В объятиях убийцы - Наталья Александрова
Шрифт:
Интервал:
Закладка:
– Маринка, Маринка, это же я, Алик! Что с тобой? Открой глаза! Это сон был, просто сон.
Я открыла глаза, увидела комнату, встревоженного Алика, прижалась к нему, такому надежному и родному.
– Это у тебя от морга, не надо было туда ходить.
Он гладил меня по голове и укачивал, как маленького ребенка. Потом он вытер мои слезы, мы так и улеглись, обнявшись. Я успокоилась, но долго лежала без сна.

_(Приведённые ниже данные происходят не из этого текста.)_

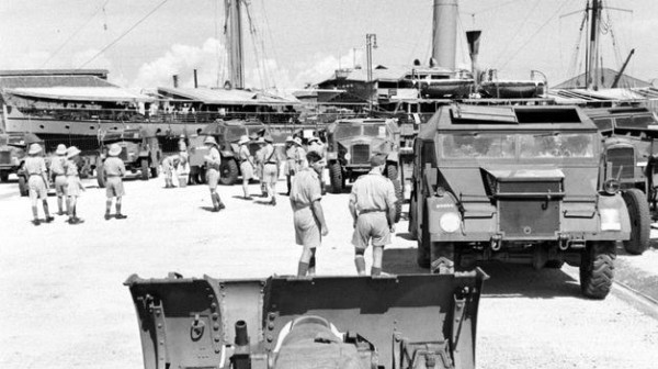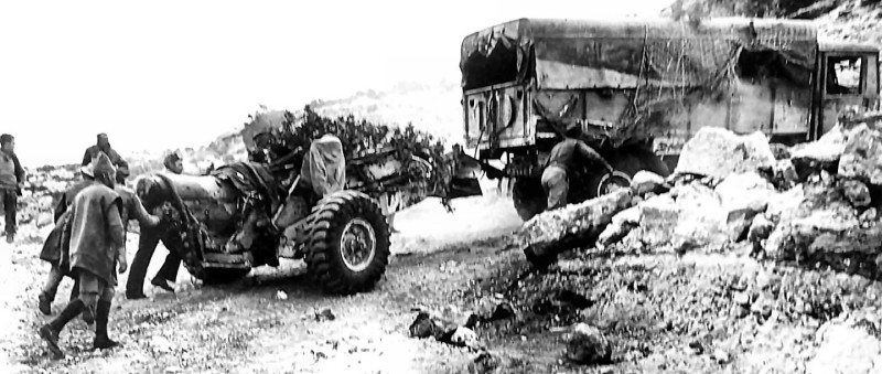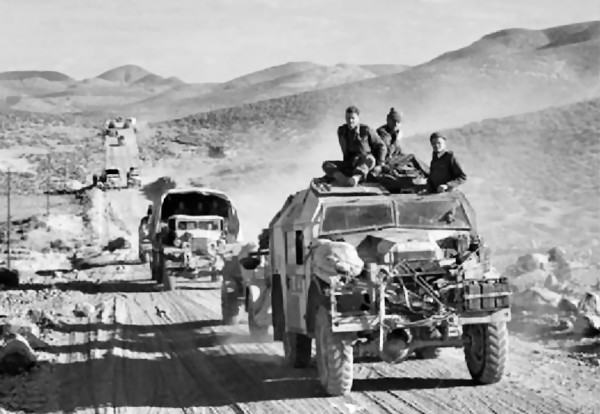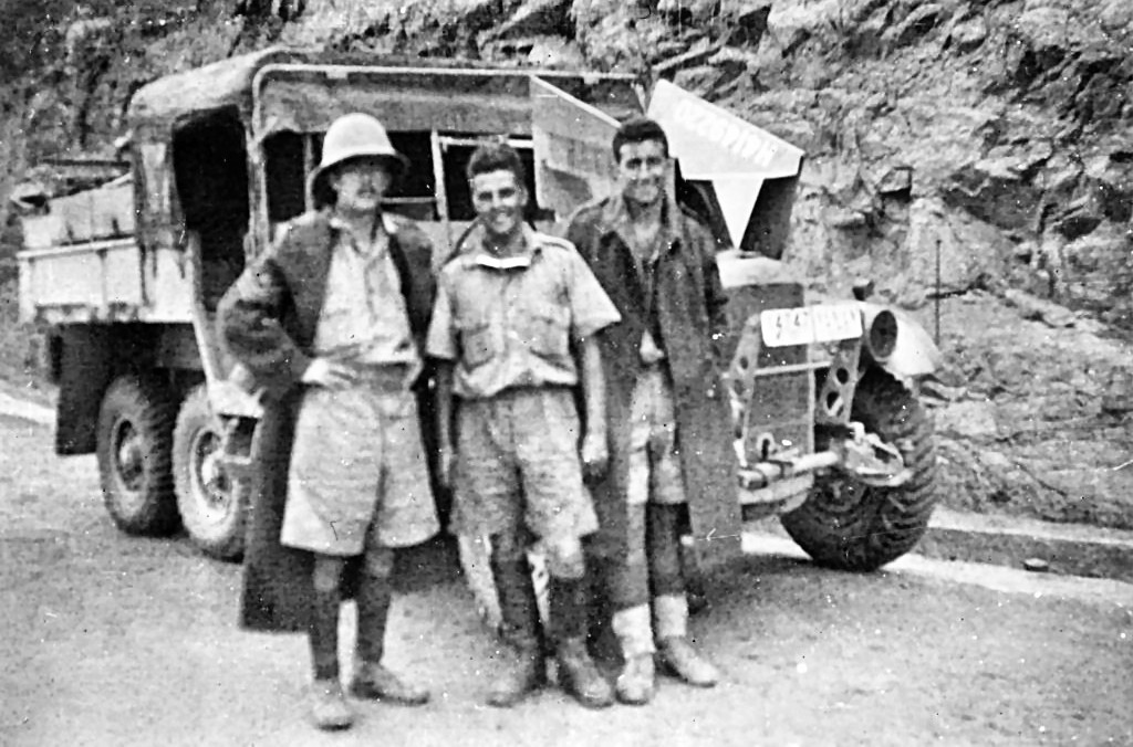 Passing an Italian milestone decorated with the 51st Highlander Division embleme

«Он здесь, – думала я, – он никуда не уехал, он здесь. И он не оставит меня в покое».
Если бы я рассказала обо всем Алику, он бы мне поверил. Но я не буду ему ничего рассказывать. Это наше личное дело, мое и Максима. «Слышишь, Максим? Мы встретимся, я даю тебе слово, мы обязательно встретимся!»

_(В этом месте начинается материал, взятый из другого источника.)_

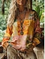 Dame Boho T-skjorte T skjorte T-skjorte Trykt mønster Blomstret Grafisk Årgang Etnisk Fritid Langermet V-hals Vanlige topper Daglig Helg Ferieklær Oransje Sommer Vår Høst

С Анной Николаевной Громовой мы побеседовали довольно мирно. Отвечая на ее вопросы, я еще раз добросовестно повторила все о той ночи и обо всех моих встречах с Максимом. Получалось у меня довольно складно, так что Громова не смотрела на меня как на сумасшедшую, хоть время от времени и поджимала скептически губы. Но меня ее гримасы мало трогали, я ведь уже приняла решение искать Максима самостоятельно, поэтому решила не конфликтовать с Громовой по пустякам. Что Громовой – еще одно нераскрытое дело? А для меня это вопрос всей дальнейшей жизни, и вообще – жизни. Однако для подстраховки мне было важно оставить о себе у Громовой хорошее впечатление. Потому что если я проиграю и Максим найдет меня раньше, то он обязательно меня убьет и обставит дело как самоубийство. Может получиться очень правдоподобно – взбалмошная девица напридумывала черт-те что, а потом покончила с собой. А так все-таки возникнут сомнения. Как с Ларисой, начальницей Алика, – никто не поверил в ее самоубийство. Кстати, вот Громова как раз что-то про нее говорит.

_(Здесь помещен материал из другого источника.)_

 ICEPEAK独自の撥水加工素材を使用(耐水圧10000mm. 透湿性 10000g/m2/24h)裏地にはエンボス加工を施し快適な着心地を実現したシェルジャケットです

Громова между тем со всяческими недомолвками рассказала, что по поводу убийства Лифарева обнаружены документы, контракты с западными фирмами, можно проследить связь с Москвой, но кто конкретно этим занимался, не ясно. Дело это по поводу очистных сооружений выделено в отдельное производство, им занимаются другие. А ее, Громовой, дело – убийства. Кстати, про убийство Ларисы Гребенюк. Нашли у нее в бумагах переводы контрактов, можно проследить связь с Лифаревым. Но доказательств, что во всем замешан Максим Костров, по-прежнему никаких.
– Так ищите! – не выдержала я.
– Ищем, – коротко ответила Громова и отпустила меня с миром.
Дима уже ждал меня в коридоре, похвалил:
– Вид у тебя бодрый, хорошо морг перенесла.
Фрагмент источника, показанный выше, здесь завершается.